◆ **TASK TO CARRY OUT**: For this task, output exactly the lines of the material below starting at the line with "ROMON versatile windbreaker" and ending at the line with "Das Schlafzimmer Outwell"; pictures are to be excluded.

◆ **RAW DATA**:
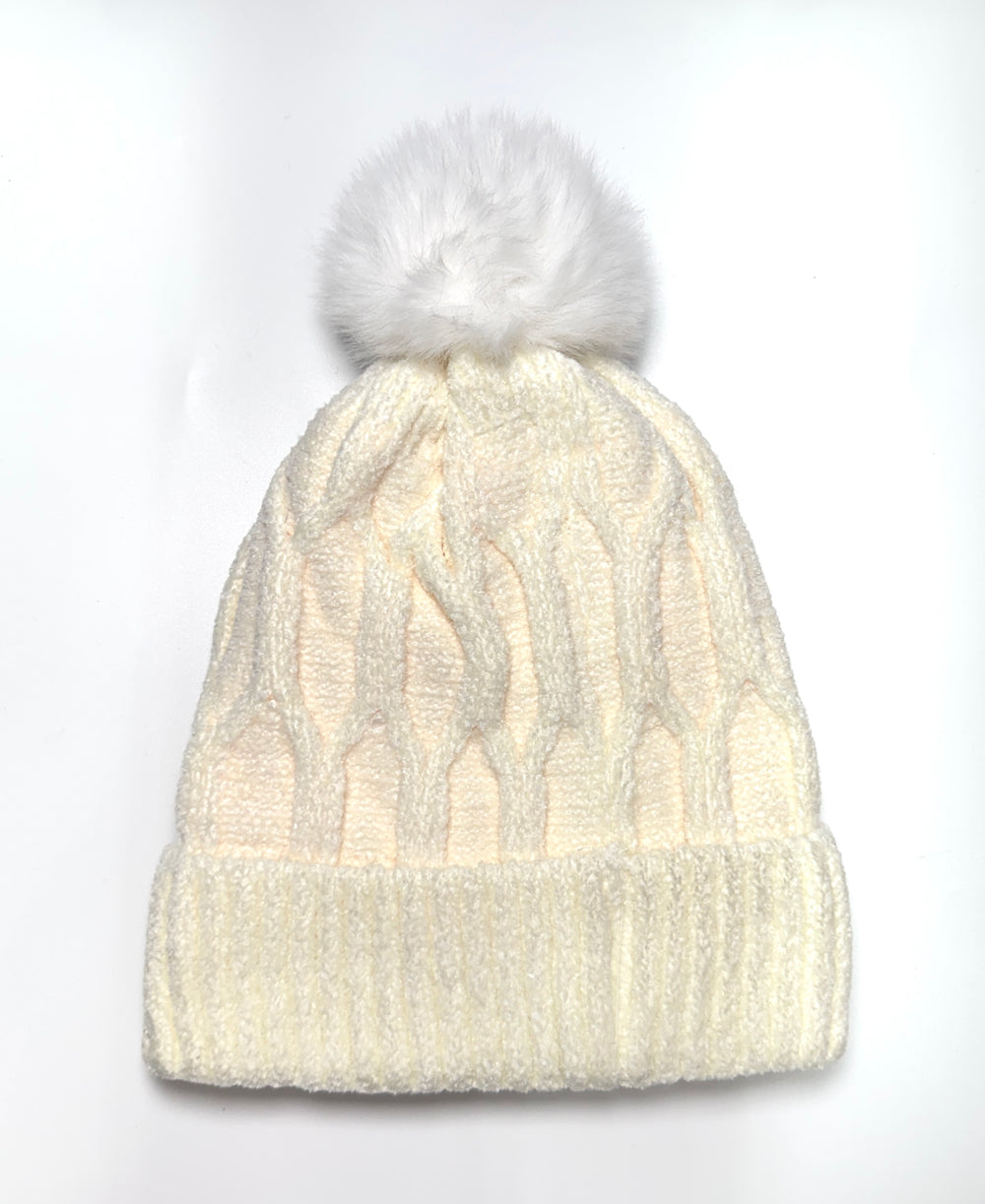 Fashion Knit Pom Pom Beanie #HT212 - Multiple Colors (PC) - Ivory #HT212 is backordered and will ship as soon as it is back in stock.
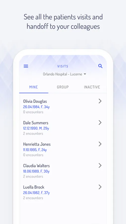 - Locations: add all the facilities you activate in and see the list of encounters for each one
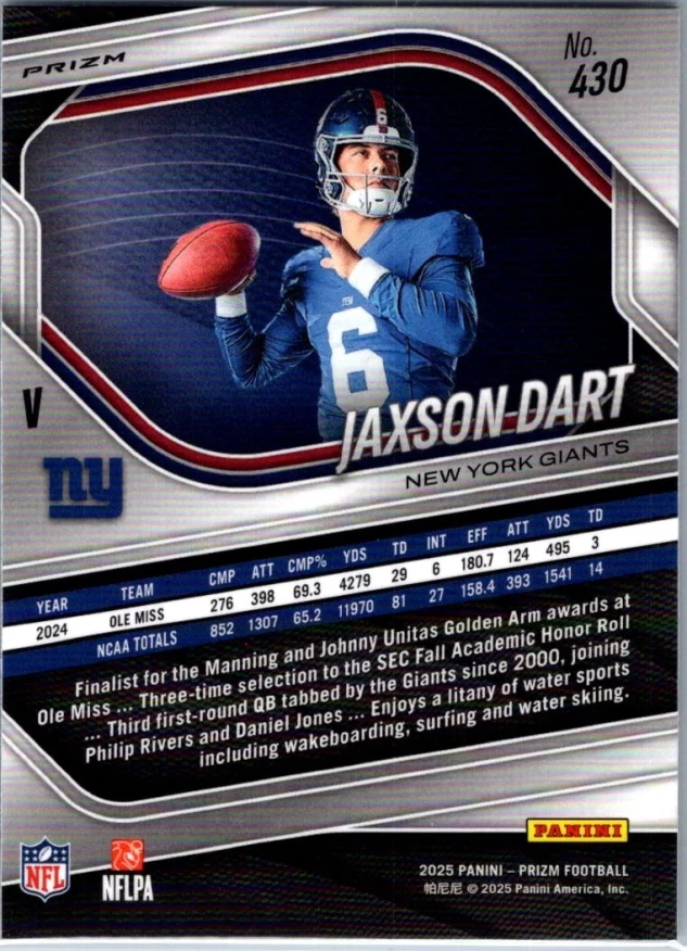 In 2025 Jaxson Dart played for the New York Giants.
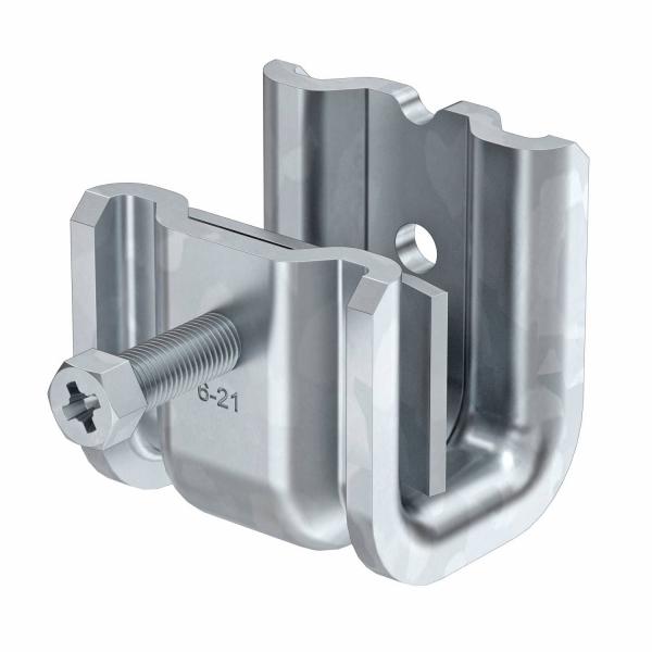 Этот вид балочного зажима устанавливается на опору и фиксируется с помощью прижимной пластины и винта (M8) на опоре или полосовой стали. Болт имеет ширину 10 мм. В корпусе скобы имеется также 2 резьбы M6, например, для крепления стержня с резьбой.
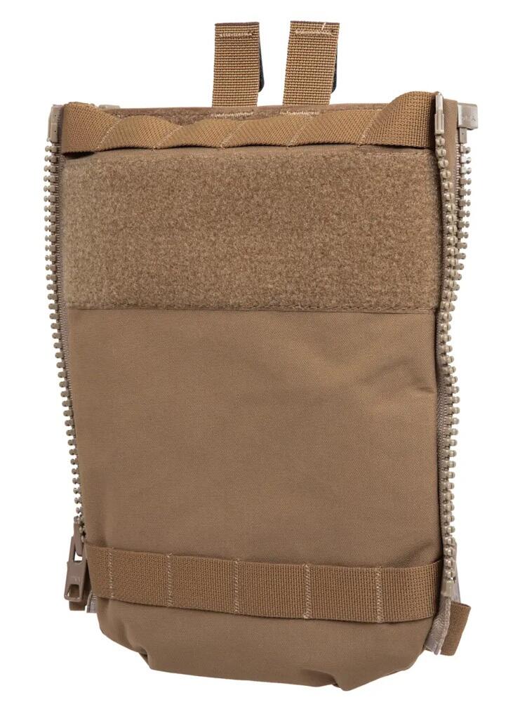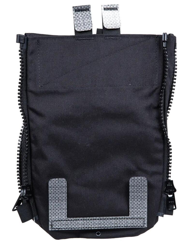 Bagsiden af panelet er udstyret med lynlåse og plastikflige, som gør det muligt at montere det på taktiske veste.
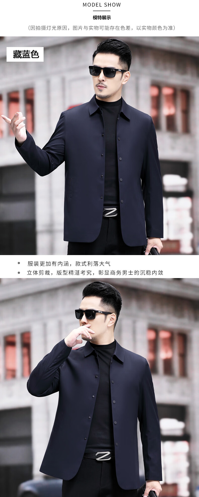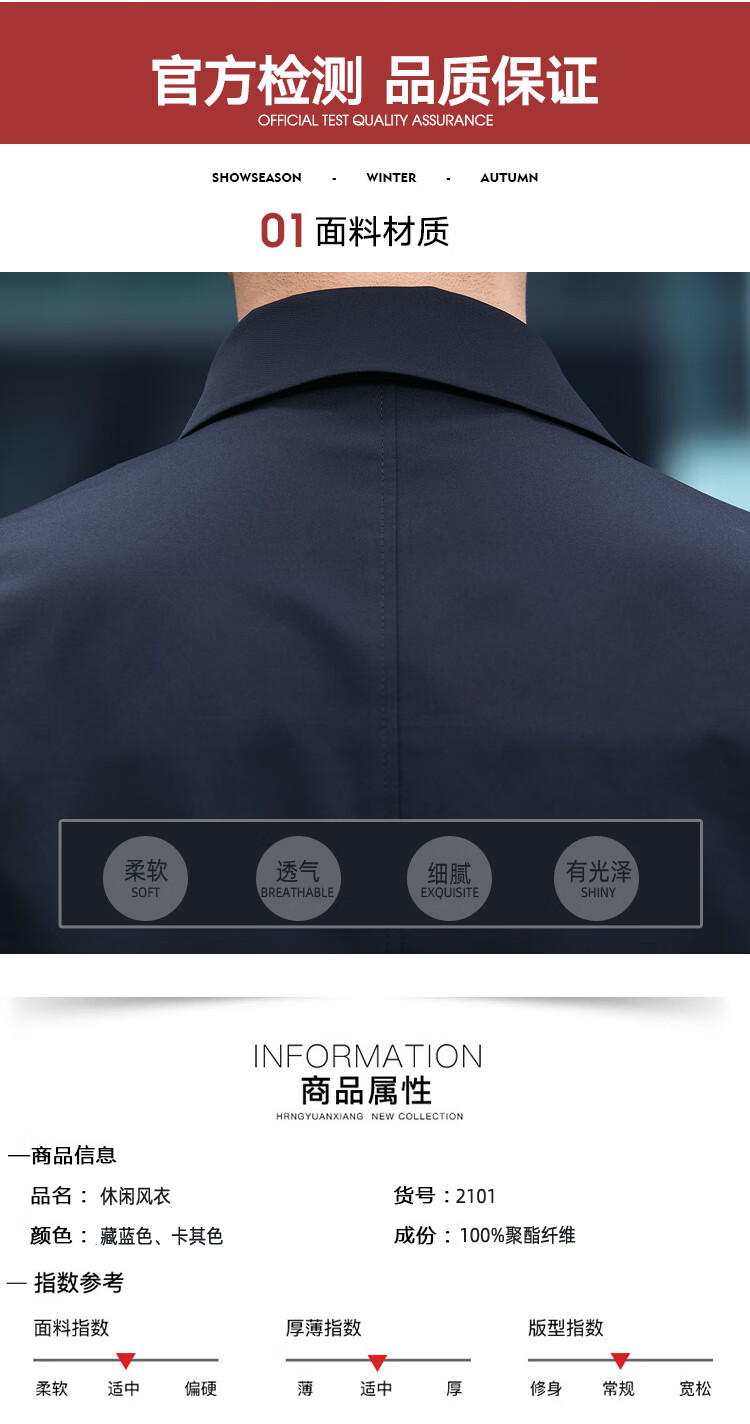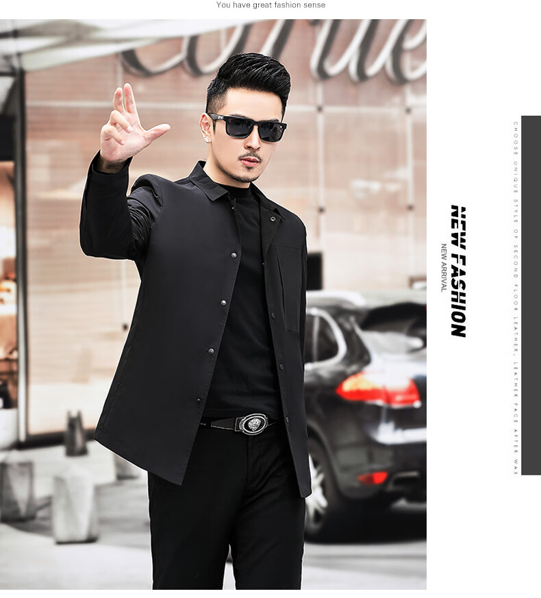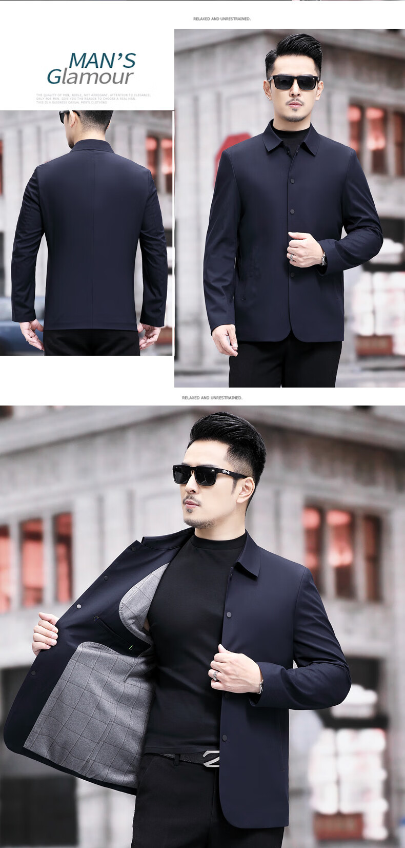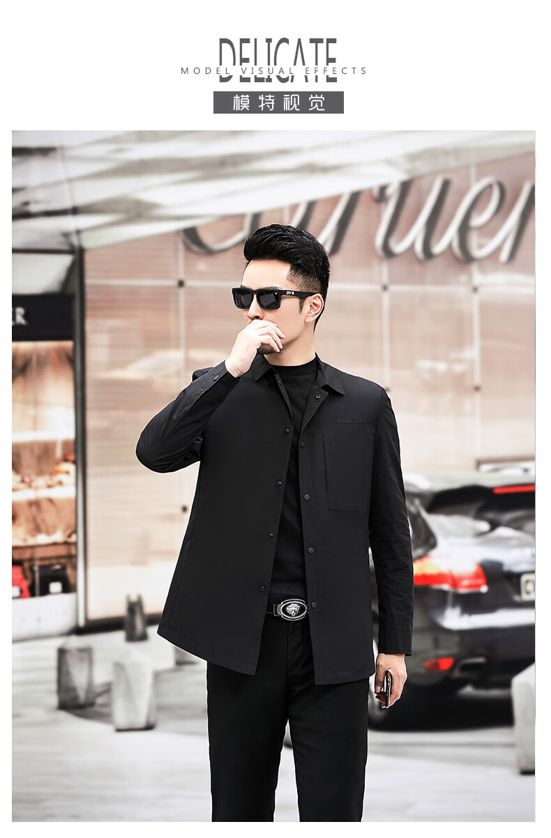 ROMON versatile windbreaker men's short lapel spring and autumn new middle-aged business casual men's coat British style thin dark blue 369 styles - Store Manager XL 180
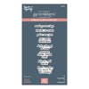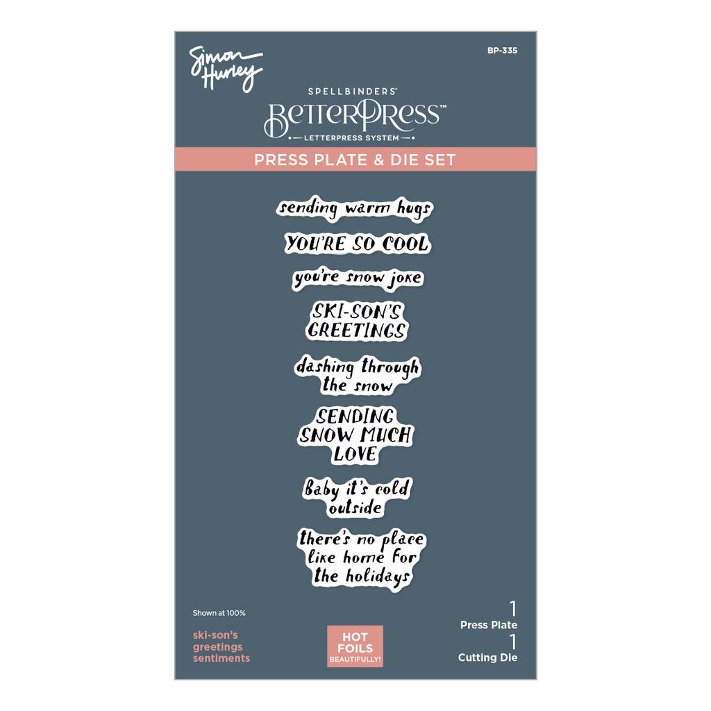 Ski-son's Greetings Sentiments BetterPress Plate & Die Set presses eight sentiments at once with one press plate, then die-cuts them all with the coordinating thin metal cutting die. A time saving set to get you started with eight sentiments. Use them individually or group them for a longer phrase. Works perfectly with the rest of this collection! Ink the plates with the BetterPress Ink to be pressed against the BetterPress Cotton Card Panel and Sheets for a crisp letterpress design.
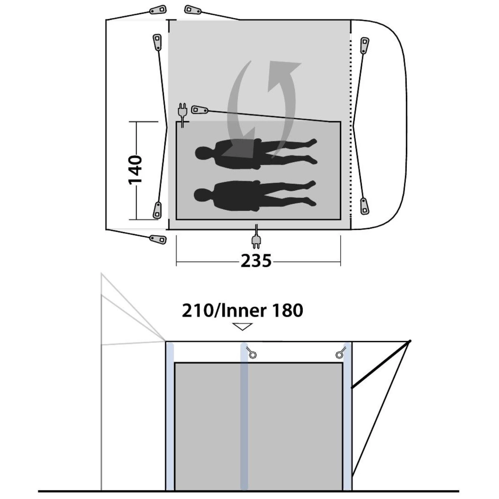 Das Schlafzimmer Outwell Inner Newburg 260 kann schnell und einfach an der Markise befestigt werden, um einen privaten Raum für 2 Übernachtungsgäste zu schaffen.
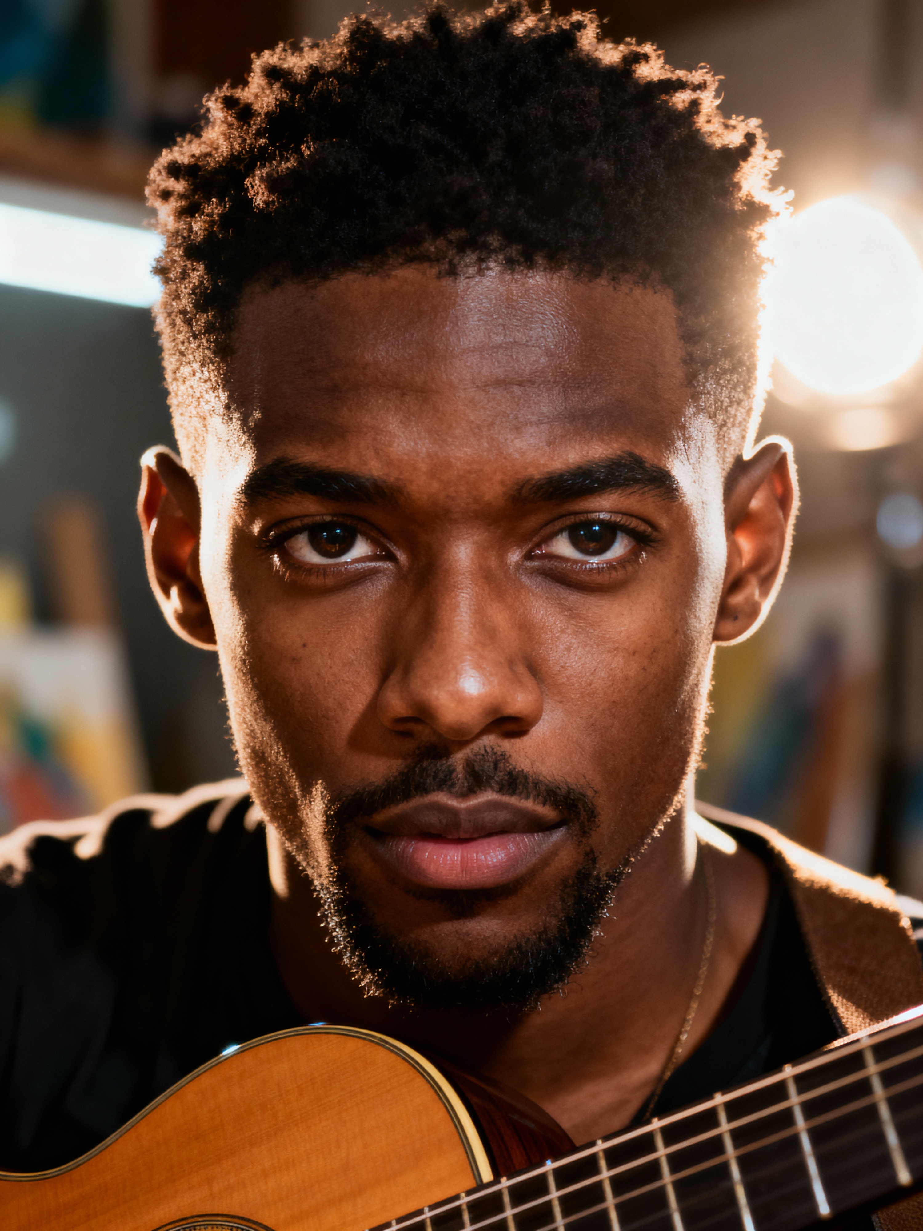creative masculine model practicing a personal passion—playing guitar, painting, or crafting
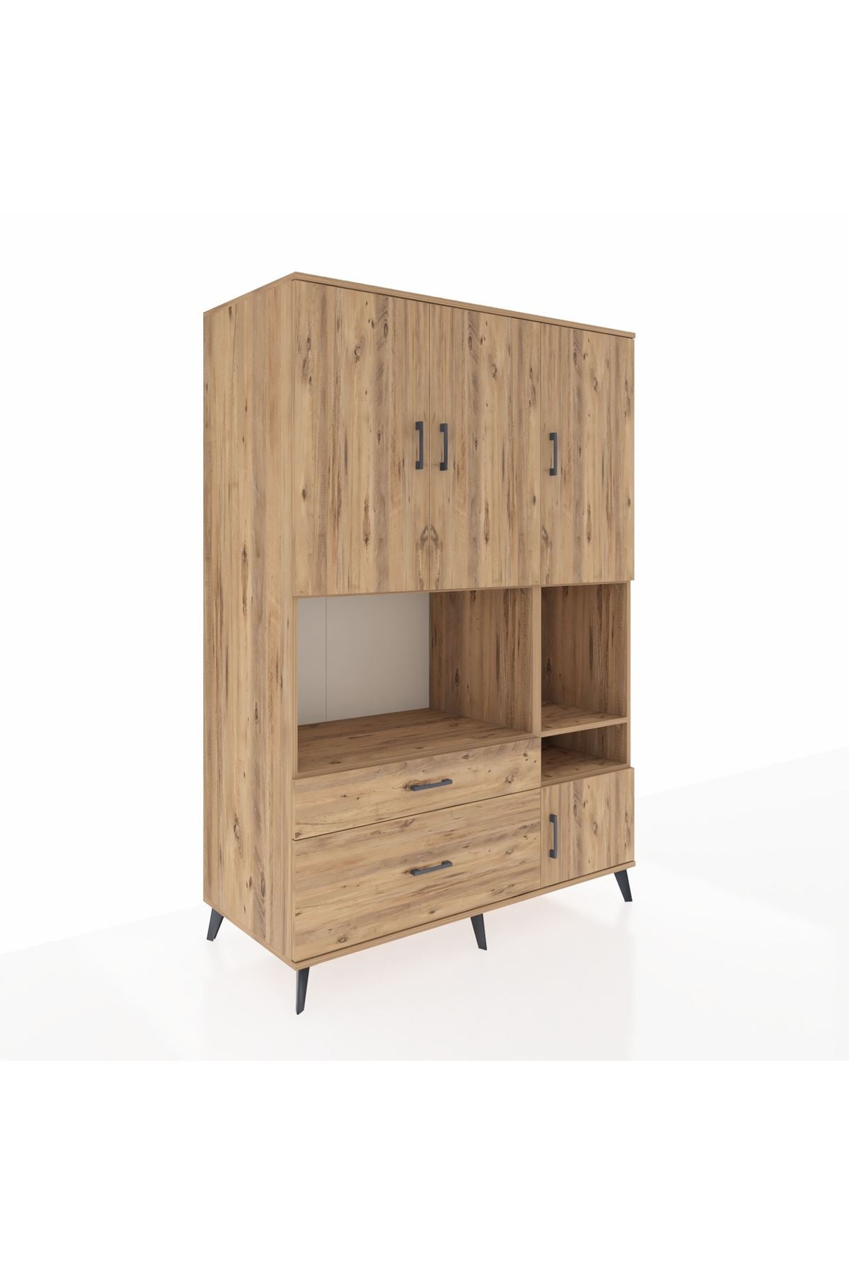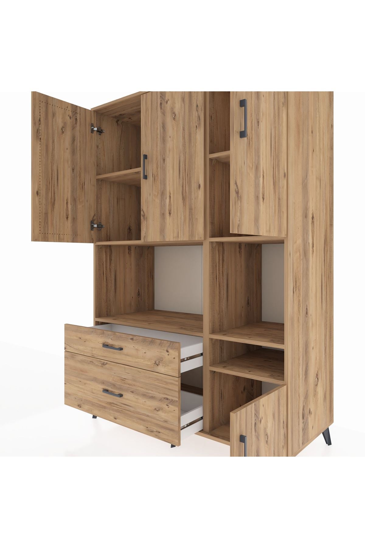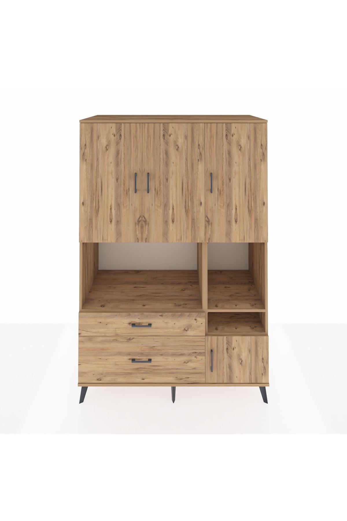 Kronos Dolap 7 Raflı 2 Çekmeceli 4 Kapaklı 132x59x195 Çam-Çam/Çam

◆ **RESPONSE BELOW**:
 ROMON versatile windbreaker men's short lapel spring and autumn new middle-aged business casual men's coat British style thin dark blue 369 styles - Store Manager XL 180
 Ski-son's Greetings Sentiments BetterPress Plate & Die Set presses eight sentiments at once with one press plate, then die-cuts them all with the coordinating thin metal cutting die. A time saving set to get you started with eight sentiments. Use them individually or group them for a longer phrase. Works perfectly with the rest of this collection! Ink the plates with the BetterPress Ink to be pressed against the BetterPress Cotton Card Panel and Sheets for a crisp letterpress design.
 Das Schlafzimmer Outwell Inner Newburg 260 kann schnell und einfach an der Markise befestigt werden, um einen privaten Raum für 2 Übernachtungsgäste zu schaffen.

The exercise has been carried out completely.